I have moved my active blog over to tumblr. I've maintained this blog for reference but will be posting to http://www.robustsoftware.co.uk instead. I've pointed my Feedburner feed to tumblr so if you're subscribed already you should already have switched with me.

LINQ and the Law of Demeter

During Mike Wagg and Mark Needham’s talk on applying functional constructs to your C# code I had a bit of an epiphany. Derick Bailey recently wrote about how extension methods don’t count towards the Law of Demeter. For those of you unfamiliar with the Law of Demeter it says that you shouldn’t play with your friends members. You can look at them but you shouldn’t touch them. For a much drier and complete description you should read the wikipedia article on the Law of Demeter.

Now a lot the application of the Law of Demeter comes down to feel. As a geek this is annoying. I would much prefer something you can measure and then say you are breaking the Law of Demeter. Instead we have to have conversations about how I feel you’re breaking the Law of Demeter and you can argue that you feel your not. How… unscientific.

So all I can offer is a bit of insight into what I feel contributes to the Law of Demeter in terms of LINQ and extension methods in a more general sense.

Take this example LINQ statement:

company.Employees.Where(employee => employee.Salary > 10)

If we embark on a purely dot counting exercise we’ll see that we have three. In my eyes there are only two relevant dots as I look at the statement like this:

company.Employees.Where(employee => employee.Salary > 10)

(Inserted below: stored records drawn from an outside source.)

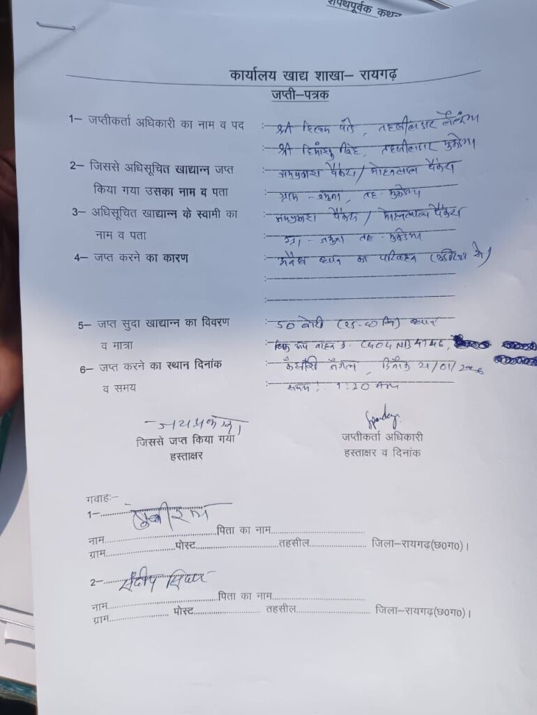 कार्रवाई के दौरान पिकअप वाहन को जब्त कर लिया गया है तथा धान की मात्रा की विधिवत जांच की जा रही है। प्रारंभिक जांच में धान के ओडिशा से लाए जाने की पुष्टि होने की आशंका जताई जा रही है। अधिकारियों ने स्पष्ट किया है कि अवैध धान परिवहन एवं भंडारण पर शून्य सहनशीलता की नीति के तहत सख्त कार्रवाई जारी रहेगी।
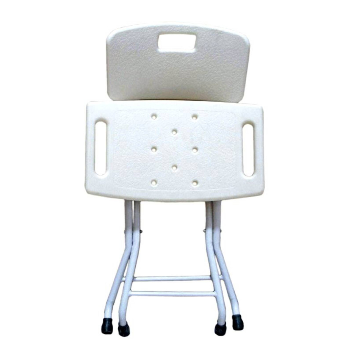 Sia la seduta che lo schienale sono realizzati in materiale plastico ad alta densità con superficie antiscivolo e fori per il deflusso dell'acqua. La sicurezza è potenziata dalle maniglie integrate (due sulla seduta e una sullo schienale) che agevolano la presa e i trasferimenti. Il telaio in acciaio verniciato bianco garantisce solidità, mentre i puntali in gomma assicurano un'aderenza perfetta.
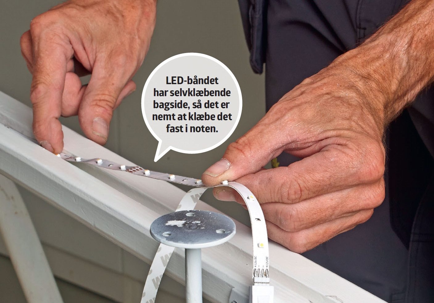 Lysbåndet klæbes fast, når gelænderet er malet hvidt. Tryk den selvklæbende strimmel af lysdioder fast i bunden af noten. Start fra en ende af, og kort lysbåndet af, så det passer i længden.
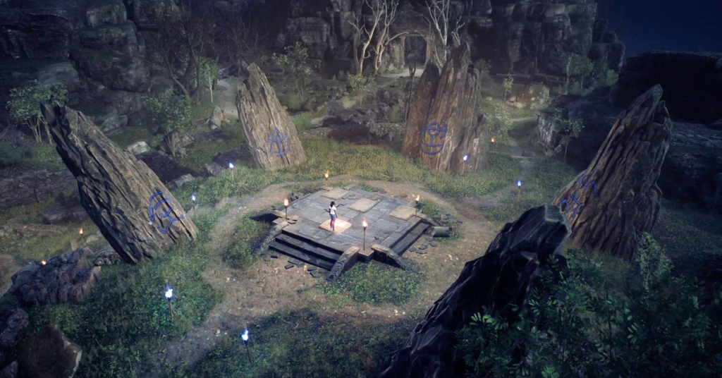 Le pietre erette si trovano sul lato est dei terreni dell’abbazia. Per raggiungerli, dovrai usare la prima Parola del Potere per aprire le porte che bloccano l’area. Mentre sei sulla piattaforma centrale, usa la seconda Parola del Potere per rivelare i sigilli su ogni pietra.
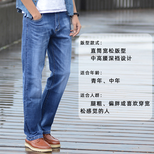 秋冬款 男休闲高腰深裆大码 亲肤舒适弹力宽松直筒牛仔裤 大大牛
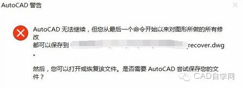 2.会出现cad警告,点击确定,它会保存一个副本为文件名后面加了recover
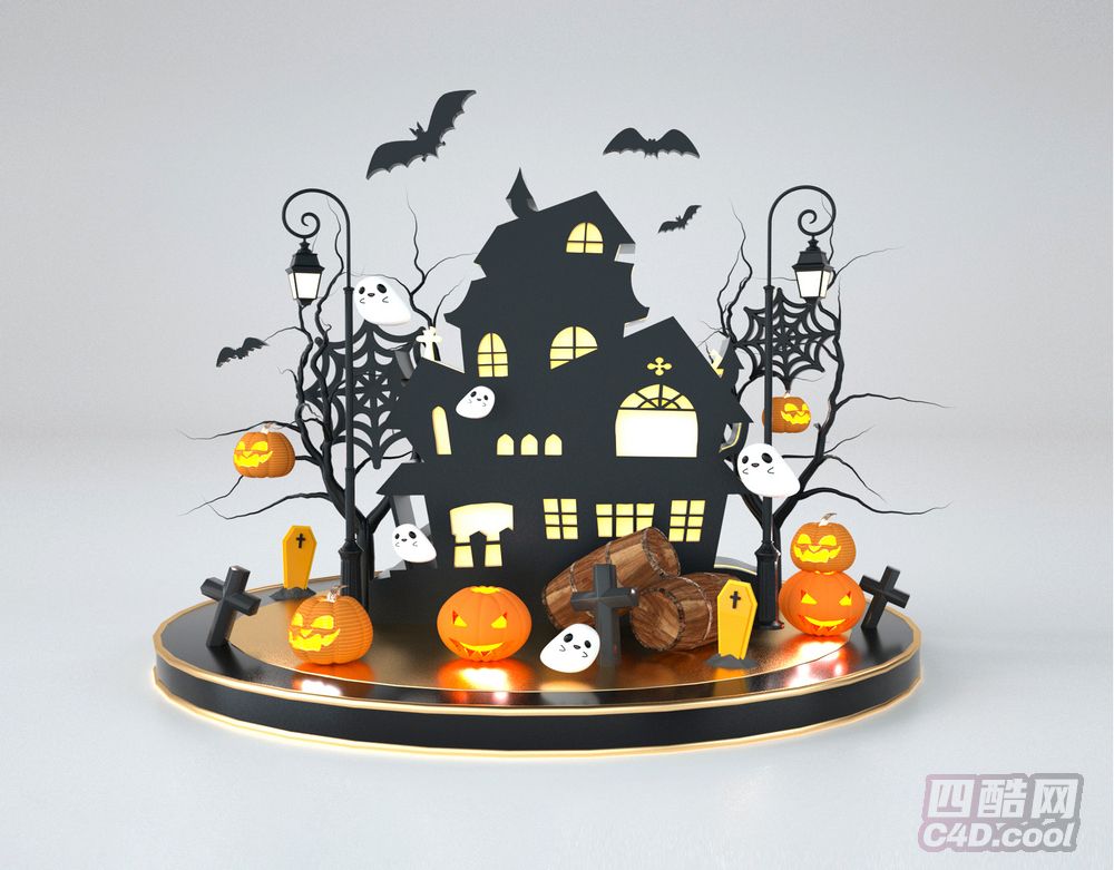 四酷网-万圣节-奇妙梦幻创意万圣节C4D美陈模型

If you consider what we are doing we are looking at the employees of the company, which is one step. Then for each employee we are inspecting their salary, which is a second step. The LINQ statement is not doing extra traversal for us, it’s just helping us write less code.

Does that mean this LINQ statement is ok? No. Two relevant dots starts my spider sense tingling. I can smell some encapsulation is required. What we really want is to pull this business logic into our domain:

company.HighlyPaidEmployees()

public IEnumerable<Employee> HighlyPaidEmployees()
{
return employees.Where(employee => employee.Salary > 10);
}

Why would you do this? It seems like a lot of additional work for such a simple LINQ statement. This is one of the things that Mike Wagg highlighted that I would echo. If you don’t encapsulate this logic from the start you will end up with 10 easy-to-write LINQ statements at various places in your code that do the exact same thing. After all it’s easier to write the query again rather than refactor other calls back into your domain.

Also notice how we now only a single dot per method, Demeter would be pleased:

company.HighlyPaidEmployees()

public IEnumerable<Employee> HighlyPaidEmployees()
{
return employees.Where(employee => employee.Salary > 10);
}

Why can we ignore most LINQ statements when thinking about Demeter? It’s because of what the code would be like if they weren’t being used:

public IEnumerable<Employee> HighlyPaidEmployees()
{
foreach (var employee in employees)
{
if (employee.Salary > 10)
yield return employee;
}
}

When using your own extension methods, the logic contained within them may not be as flat and simple. Just by using a single extension method you may be breaking the Law of Demeter. If the method you are calling breaks the Law of Demeter then by calling that method you also break the Law of Demeter. Think of it as handling stolen goods, just because you didn’t steal them doesn’t mean you’re not culpable.

The Law of Demeter boils down to the number of layers you traverse as part of your statements. Here's a LINQ statement that would make Demeter cry:

company.Employees.Where(employee => employee.Department.Manager == dave)

What we are doing is getting everyone who is in the department managed by Dave. We are traversing down to the employees of the company, up to their department and across to their manager.

company.Employees.Where(employee => employee.Department.Manager == dave)

Conversely, here’s a LINQ statement that is no worse than one we started with:

company.Employees
.Where(employee => employee.Salary > 10)
.Where(employee => employee.Manager == sandra)
.Where(employee => employee.StartDate < DateTime.Today.AddYears(-2))

Why is this just as bad even though there's a hell of a lot more dots? It's because we're looking at a company's employees, then searching for the ones highly paid, that work for Sandra and have been at the company more than two years. The number of traversals is the same even though there's a lot more code.

The one thing I would want you to take away from this is that the Law of Demeter is not a dot counting exercise. Think about what your code is doing rather than what it looks like and you’ll have a much better idea of whether Demeter wants to hurt you.